Gun owners in New York with children in their homes have 60 days to comply with stricter new storage requirements or face the potential of a misdemeanor charge.
New York has become the 12th state that allows child care to qualify as a campaign expense.
The state Attorney General’s Office is seeking a 90-day discovery period for depositions and document acquisition before the St. Clare’s Corporation dissolves.
The State Police are putting out a warning of a phone scam in the Capital Region. Someone is contacting people, pretending to be with the law enforcement agency, and then requesting personal information.
Siena College is mourning the loss of its president, Brother F. Edward Coughlin, who died at 71 early yesterday morning in Rochester following complications from non-emergency heart surgery.
A 19-year-old Albany man is behind bars in the Albany County Jail, and facing charges of rape, kidnapping, robbery and burglary.

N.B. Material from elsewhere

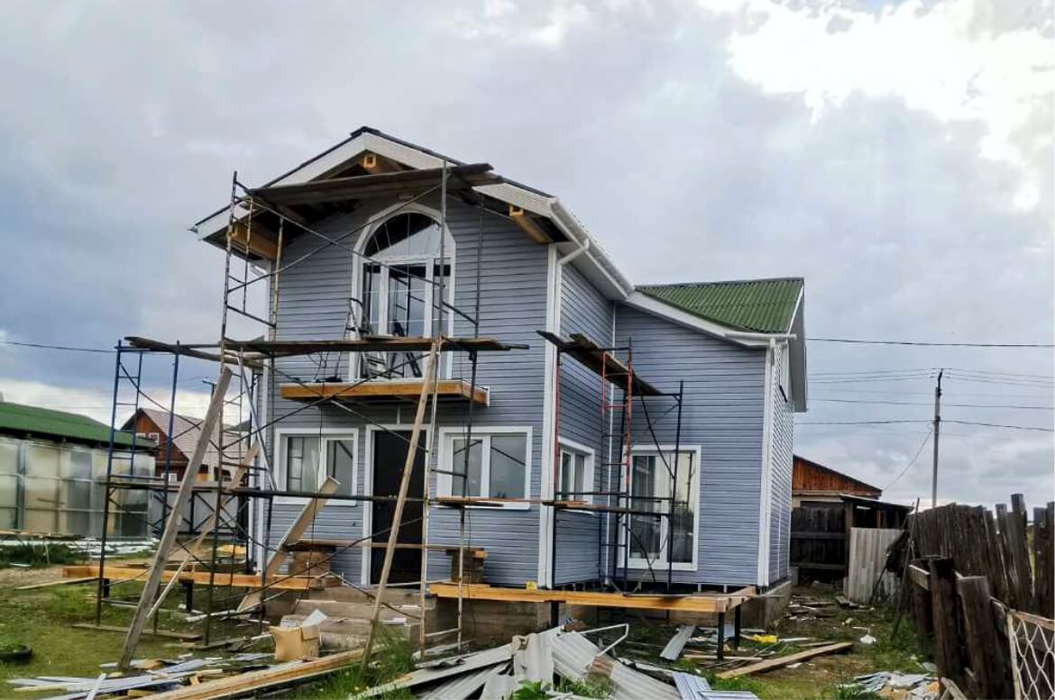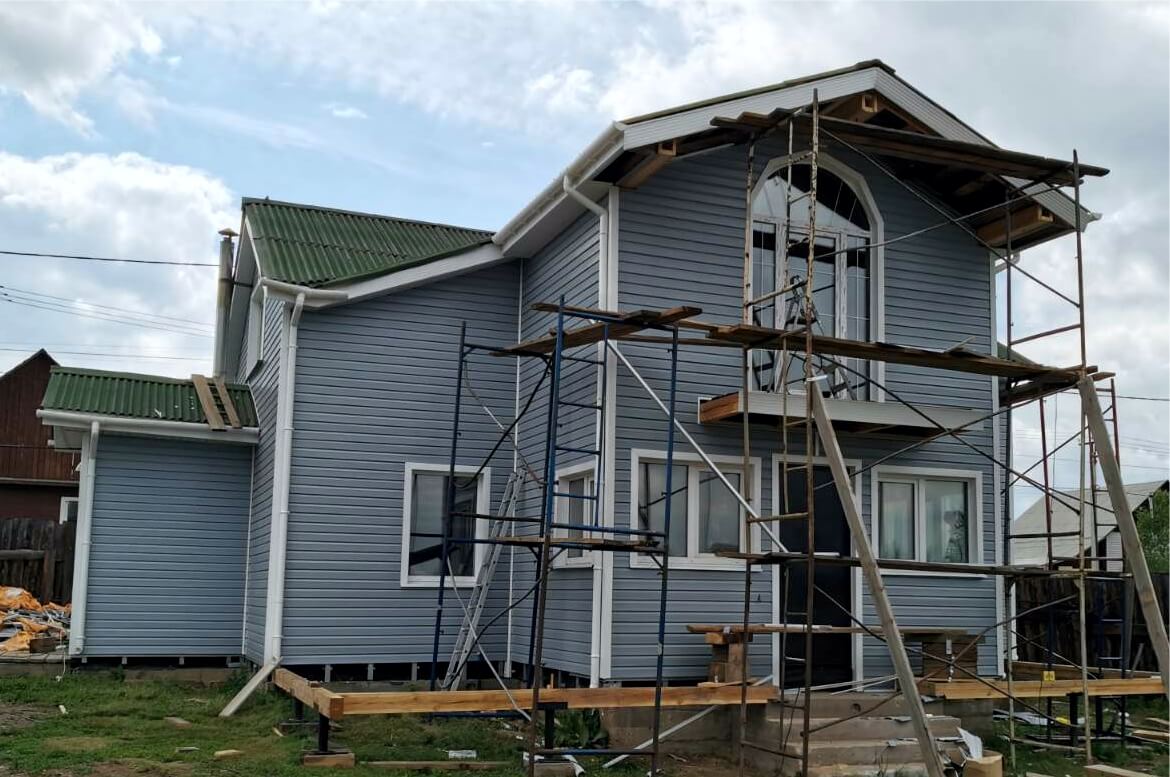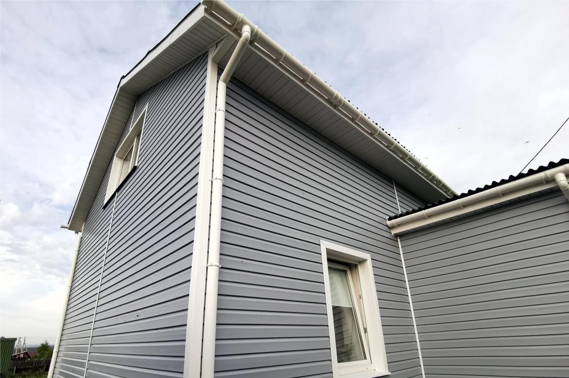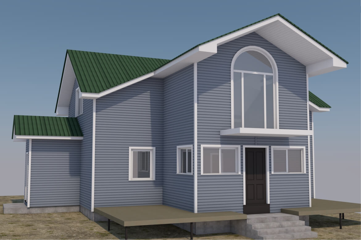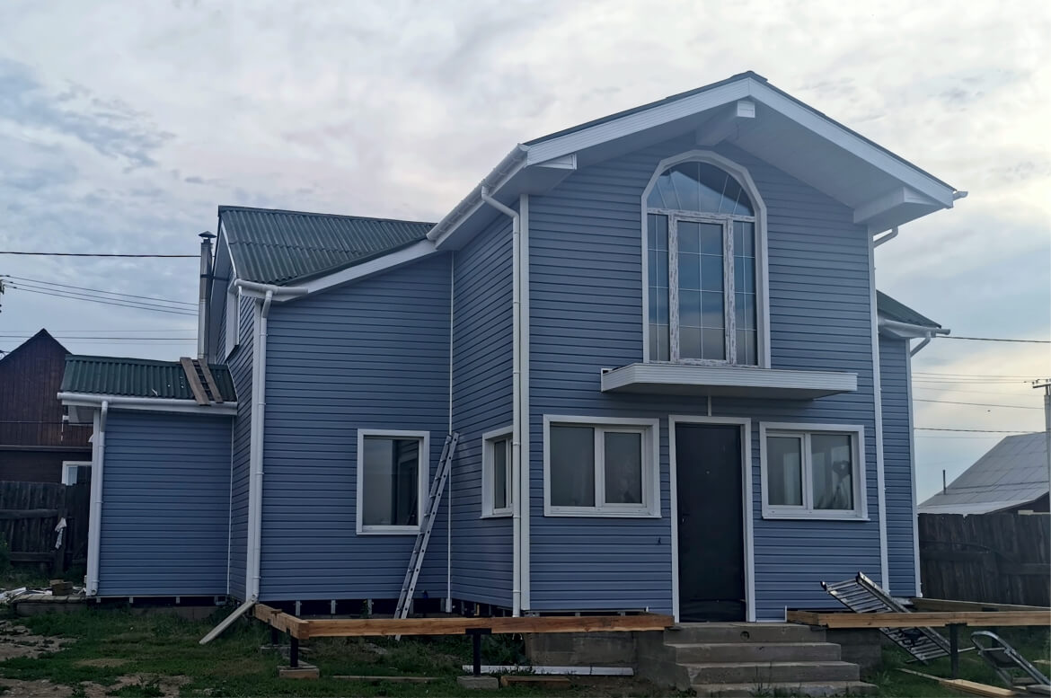 Когда заказчики подбирали сайдинг, они сразу остановили свой выбор на серо-голубых панелях от FINEBER. Оказалось, это именно тот цвет, который они хотели. Серо-голубой цвет в коллекции “Standart” очень необычный, сложный, меняется при разном освещении от серого до насыщенного голубого. В то же время, белая отделка углов и карнизных свесов выгодно подчеркивает красивый, многодельный контур фасада.

The man was out on bail on charges of raping a woman at a Schenectady student-housing complex in April when he forced his way into the residence of a Frost Street woman, raped her at knifepoint, and then ordered her at gunpoint to drive to a SEFCU branch and withdraw money from an ATM.
Nearly a dozen members of disgraced NXIVM leader Keith Raniere’s “inner circle” shared the purported self-help guru’s penchant for trying to dodge taxes, records show.
New York’s Olympic Regional Development Authority (ORDA) has approved plans to modernize Lake Placid’s Olympic Center. Preliminary work is expected to get under way in November and be completed in 2022, in time for the 2023 Winter World University Games.
The NYT picked up the story of Kat Sullivan, who rented a billboard last year to call for stronger protections against child sex abusers and is now locked in a battle with the state’s ethics commission, which says she could be guilty of a misdemeanor and fined more than $40,000 if she continues to refuse to register as a lobbyist.
Since leaving his 1-year-old twins in his broiling car while he was at work on Friday, killing them, Juan Rodriguez has been in a state of disbelief, struggling to understand how he could have forgotten to drop them off at their day care.
Brian Grupp, the owner of West Creek Buffalo Co., says he has found about 60 of his 75 missing bison, which escaped his ranch over the weekend. Now he said it’s just a matter of getting them to come home.